Control in Probability for SDE Models of Growth Population

Abstract

In this paper, we consider a (control) optimization problem, which involves a stochastic dynamic. The model proposes selecting the best control function that keeps bounded a stochastic process over an interval of time with a high probability level. Here, the stochastic process is governed by a stochastic differential equation affected by a stochastic process. This setting becomes a chance-constrained control optimization problem, where the constraint is given by the probability level of infinitely many random inequalities. Since such a model is challenging, we discretize the dynamic and restrict the space of control functions to piecewise mappings. On the one hand, it transforms the infinite-dimensional optimization problem into a finite-dimensional one. On the other hand, it allows us to provide the well-posedness of the problem and approximation. Finally, the results are illustrated with numerical results, where classical model for the growth of a population are considered.

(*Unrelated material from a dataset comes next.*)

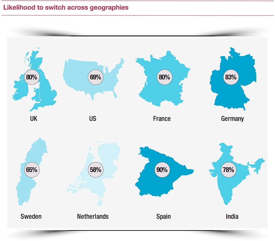 Ten tijde van het onderzoek geeft maar een derde van de ondervraagde managers aan dat er sterke vorderingen worden geboekt bij het implementeren van de ontwerprichtlijnen in het kader van de nieuwe wet. Zhiwei stelt: “De introductie van de GDPR wetgeving volgend jaar is een uitstekende kans voor banken en verzekeraars om daadwerkelijk te transformeren tot de digitale forten die ze in de ogen van consumenten zijn.” Doen zij dat niet dan lopen zij grote kans dat klanten een andere bank gaan zoeken. 74% van de consumenten geeft aan van financiële dienstverlener te willen wisselen in het geval van een datalek. Nederlanders blijken van de onderzochte landen het trouwst aan hun bank of verzekeraar – in ons land geeft 58% van de consumenten aan van bank te zullen switchen bij een datalek, ten opzichte van tussen de 65% (Zweden) en 90% (Spanje) in de andere onderzochte landen.

Keywords: Chance constrained optimization; Control in Probability; Growth population models.

Fig. 1

Numerical approximation of the logistic growth model without control $u^N=(0,\dots ,0)$ (upper panel) and fully controlled $u^N=(1,\dots ,1)$ (lower panel). In dashed bold line we plot the empirical mean over $M=3\times {10}^4$ simulations. The carrying capacity is $k=100[kt]$ (maximal biomass supported by the environment), and the upper bound safety level or limit biomass used for defining the probability function $\phi$ is $\overline{b}=80[kt]$. The growth factor function and its corresponding regular cut-off function are $\sigma (u,z)={10}^{-10}+\varphi (0.5z-2u)$ and $\varphi (s)=(1+tanh(s))/2$, and the diffusion parameter on $\xi (t)$ is $\alpha =0.5$